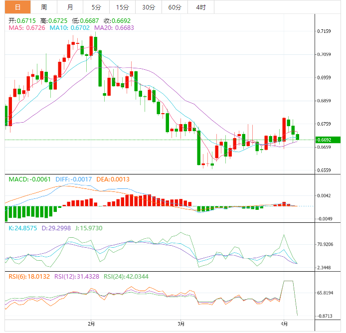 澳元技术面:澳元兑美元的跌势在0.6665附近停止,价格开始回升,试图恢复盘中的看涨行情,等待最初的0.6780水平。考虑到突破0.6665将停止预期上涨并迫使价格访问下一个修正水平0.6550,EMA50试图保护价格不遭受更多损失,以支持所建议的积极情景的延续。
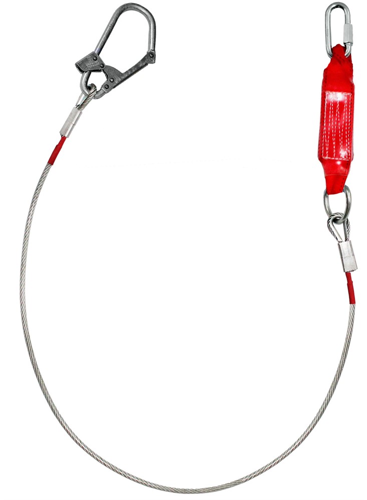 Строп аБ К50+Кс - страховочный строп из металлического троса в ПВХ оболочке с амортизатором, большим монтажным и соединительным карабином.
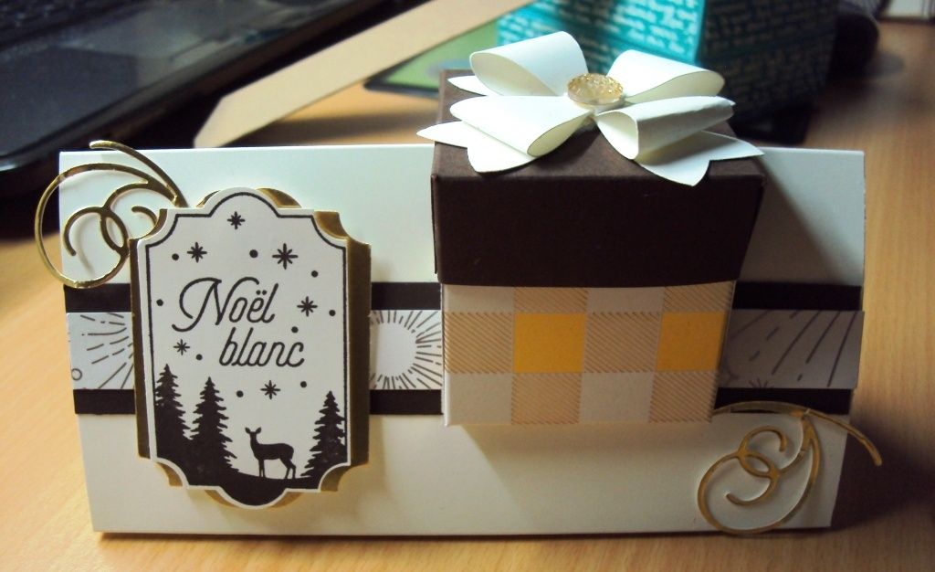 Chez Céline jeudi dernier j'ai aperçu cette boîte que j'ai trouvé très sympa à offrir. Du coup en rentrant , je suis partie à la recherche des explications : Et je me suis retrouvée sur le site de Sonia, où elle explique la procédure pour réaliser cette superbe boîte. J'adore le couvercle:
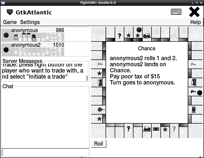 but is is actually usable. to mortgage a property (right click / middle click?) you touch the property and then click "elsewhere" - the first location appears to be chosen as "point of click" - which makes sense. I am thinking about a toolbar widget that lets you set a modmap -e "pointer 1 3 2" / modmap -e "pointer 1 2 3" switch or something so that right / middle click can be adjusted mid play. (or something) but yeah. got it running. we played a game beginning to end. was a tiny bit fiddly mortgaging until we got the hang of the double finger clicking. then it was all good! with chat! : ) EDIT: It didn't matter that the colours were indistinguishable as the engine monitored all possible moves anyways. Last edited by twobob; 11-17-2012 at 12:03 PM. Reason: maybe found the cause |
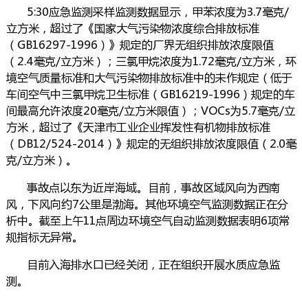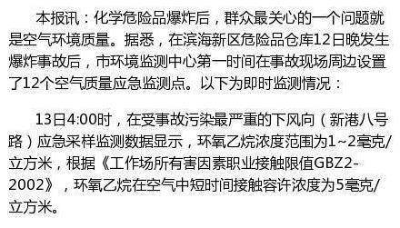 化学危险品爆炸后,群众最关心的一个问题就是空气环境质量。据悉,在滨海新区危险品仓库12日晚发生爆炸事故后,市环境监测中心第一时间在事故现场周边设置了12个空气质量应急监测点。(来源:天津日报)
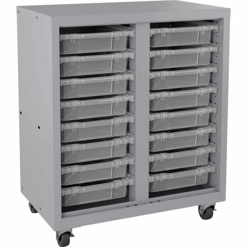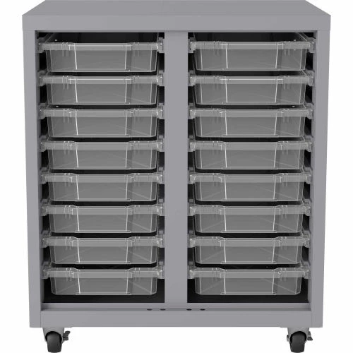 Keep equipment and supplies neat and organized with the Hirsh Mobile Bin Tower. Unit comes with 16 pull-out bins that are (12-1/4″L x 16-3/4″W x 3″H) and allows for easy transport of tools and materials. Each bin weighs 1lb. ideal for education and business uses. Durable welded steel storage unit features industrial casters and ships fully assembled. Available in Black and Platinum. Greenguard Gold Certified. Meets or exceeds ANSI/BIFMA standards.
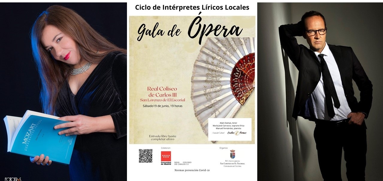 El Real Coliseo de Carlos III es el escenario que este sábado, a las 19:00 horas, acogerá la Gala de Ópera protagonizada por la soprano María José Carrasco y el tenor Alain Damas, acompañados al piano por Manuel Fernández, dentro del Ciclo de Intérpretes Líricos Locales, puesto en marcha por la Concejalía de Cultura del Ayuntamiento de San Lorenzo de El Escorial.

[EXERCISE OBJECTIVE] After locating the line containing "Строп аБ К50+Кс" in the entries above, return it and every line after it exactly, ending at the line containing "Keep equipment and", without pictures.

[OUTPUT OF THE TASK]
 Строп аБ К50+Кс - страховочный строп из металлического троса в ПВХ оболочке с амортизатором, большим монтажным и соединительным карабином.
 Chez Céline jeudi dernier j'ai aperçu cette boîte que j'ai trouvé très sympa à offrir. Du coup en rentrant , je suis partie à la recherche des explications : Et je me suis retrouvée sur le site de Sonia, où elle explique la procédure pour réaliser cette superbe boîte. J'adore le couvercle:
 but is is actually usable. to mortgage a property (right click / middle click?) you touch the property and then click "elsewhere" - the first location appears to be chosen as "point of click" - which makes sense. I am thinking about a toolbar widget that lets you set a modmap -e "pointer 1 3 2" / modmap -e "pointer 1 2 3" switch or something so that right / middle click can be adjusted mid play. (or something) but yeah. got it running. we played a game beginning to end. was a tiny bit fiddly mortgaging until we got the hang of the double finger clicking. then it was all good! with chat! : ) EDIT: It didn't matter that the colours were indistinguishable as the engine monitored all possible moves anyways. Last edited by twobob; 11-17-2012 at 12:03 PM. Reason: maybe found the cause |
 化学危险品爆炸后,群众最关心的一个问题就是空气环境质量。据悉,在滨海新区危险品仓库12日晚发生爆炸事故后,市环境监测中心第一时间在事故现场周边设置了12个空气质量应急监测点。(来源:天津日报)
 Keep equipment and supplies neat and organized with the Hirsh Mobile Bin Tower. Unit comes with 16 pull-out bins that are (12-1/4″L x 16-3/4″W x 3″H) and allows for easy transport of tools and materials. Each bin weighs 1lb. ideal for education and business uses. Durable welded steel storage unit features industrial casters and ships fully assembled. Available in Black and Platinum. Greenguard Gold Certified. Meets or exceeds ANSI/BIFMA standards.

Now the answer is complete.